**PROBLEM STATEMENT**
Report every line of the records below that contains the word "aber".

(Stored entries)
+++

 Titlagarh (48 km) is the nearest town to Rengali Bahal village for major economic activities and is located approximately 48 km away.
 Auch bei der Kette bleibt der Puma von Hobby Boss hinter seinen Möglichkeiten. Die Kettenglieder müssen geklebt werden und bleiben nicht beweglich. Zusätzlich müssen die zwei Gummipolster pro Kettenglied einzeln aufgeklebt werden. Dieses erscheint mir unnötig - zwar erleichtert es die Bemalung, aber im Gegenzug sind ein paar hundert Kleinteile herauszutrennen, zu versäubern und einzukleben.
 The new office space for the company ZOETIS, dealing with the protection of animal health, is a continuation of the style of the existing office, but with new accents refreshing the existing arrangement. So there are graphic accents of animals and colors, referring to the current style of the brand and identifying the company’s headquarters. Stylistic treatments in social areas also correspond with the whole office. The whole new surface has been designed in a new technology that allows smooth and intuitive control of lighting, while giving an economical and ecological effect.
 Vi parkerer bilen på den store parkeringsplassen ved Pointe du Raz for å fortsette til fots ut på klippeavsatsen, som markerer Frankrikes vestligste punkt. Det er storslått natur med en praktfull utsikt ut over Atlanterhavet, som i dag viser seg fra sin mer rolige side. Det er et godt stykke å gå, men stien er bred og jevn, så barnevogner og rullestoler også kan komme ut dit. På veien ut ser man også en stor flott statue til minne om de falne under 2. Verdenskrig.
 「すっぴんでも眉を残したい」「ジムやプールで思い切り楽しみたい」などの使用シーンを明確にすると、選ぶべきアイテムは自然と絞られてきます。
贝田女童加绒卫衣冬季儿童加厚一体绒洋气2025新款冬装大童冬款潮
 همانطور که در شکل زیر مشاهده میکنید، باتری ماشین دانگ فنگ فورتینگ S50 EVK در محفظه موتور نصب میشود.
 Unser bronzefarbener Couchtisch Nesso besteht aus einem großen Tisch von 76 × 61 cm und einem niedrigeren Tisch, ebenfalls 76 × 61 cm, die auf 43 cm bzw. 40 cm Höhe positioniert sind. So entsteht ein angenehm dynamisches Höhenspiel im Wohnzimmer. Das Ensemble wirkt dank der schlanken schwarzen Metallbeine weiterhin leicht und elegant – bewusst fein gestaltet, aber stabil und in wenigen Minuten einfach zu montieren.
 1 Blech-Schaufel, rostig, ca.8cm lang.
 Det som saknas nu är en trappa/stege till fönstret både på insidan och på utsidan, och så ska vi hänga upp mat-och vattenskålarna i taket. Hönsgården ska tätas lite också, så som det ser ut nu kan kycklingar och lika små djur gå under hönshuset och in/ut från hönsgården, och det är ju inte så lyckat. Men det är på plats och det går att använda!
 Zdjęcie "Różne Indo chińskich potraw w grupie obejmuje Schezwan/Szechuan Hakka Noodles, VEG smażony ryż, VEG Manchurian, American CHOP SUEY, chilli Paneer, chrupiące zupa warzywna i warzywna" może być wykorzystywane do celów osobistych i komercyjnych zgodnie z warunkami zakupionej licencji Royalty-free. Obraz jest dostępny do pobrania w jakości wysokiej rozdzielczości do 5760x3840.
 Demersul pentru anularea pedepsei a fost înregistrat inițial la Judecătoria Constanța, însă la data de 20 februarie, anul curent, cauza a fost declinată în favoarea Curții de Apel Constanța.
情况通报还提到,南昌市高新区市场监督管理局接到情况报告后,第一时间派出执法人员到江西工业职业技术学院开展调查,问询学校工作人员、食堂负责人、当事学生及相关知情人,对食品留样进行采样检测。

+++

**TASK ANSWER**
 Auch bei der Kette bleibt der Puma von Hobby Boss hinter seinen Möglichkeiten. Die Kettenglieder müssen geklebt werden und bleiben nicht beweglich. Zusätzlich müssen die zwei Gummipolster pro Kettenglied einzeln aufgeklebt werden. Dieses erscheint mir unnötig - zwar erleichtert es die Bemalung, aber im Gegenzug sind ein paar hundert Kleinteile herauszutrennen, zu versäubern und einzukleben.
 Unser bronzefarbener Couchtisch Nesso besteht aus einem großen Tisch von 76 × 61 cm und einem niedrigeren Tisch, ebenfalls 76 × 61 cm, die auf 43 cm bzw. 40 cm Höhe positioniert sind. So entsteht ein angenehm dynamisches Höhenspiel im Wohnzimmer. Das Ensemble wirkt dank der schlanken schwarzen Metallbeine weiterhin leicht und elegant – bewusst fein gestaltet, aber stabil und in wenigen Minuten einfach zu montieren.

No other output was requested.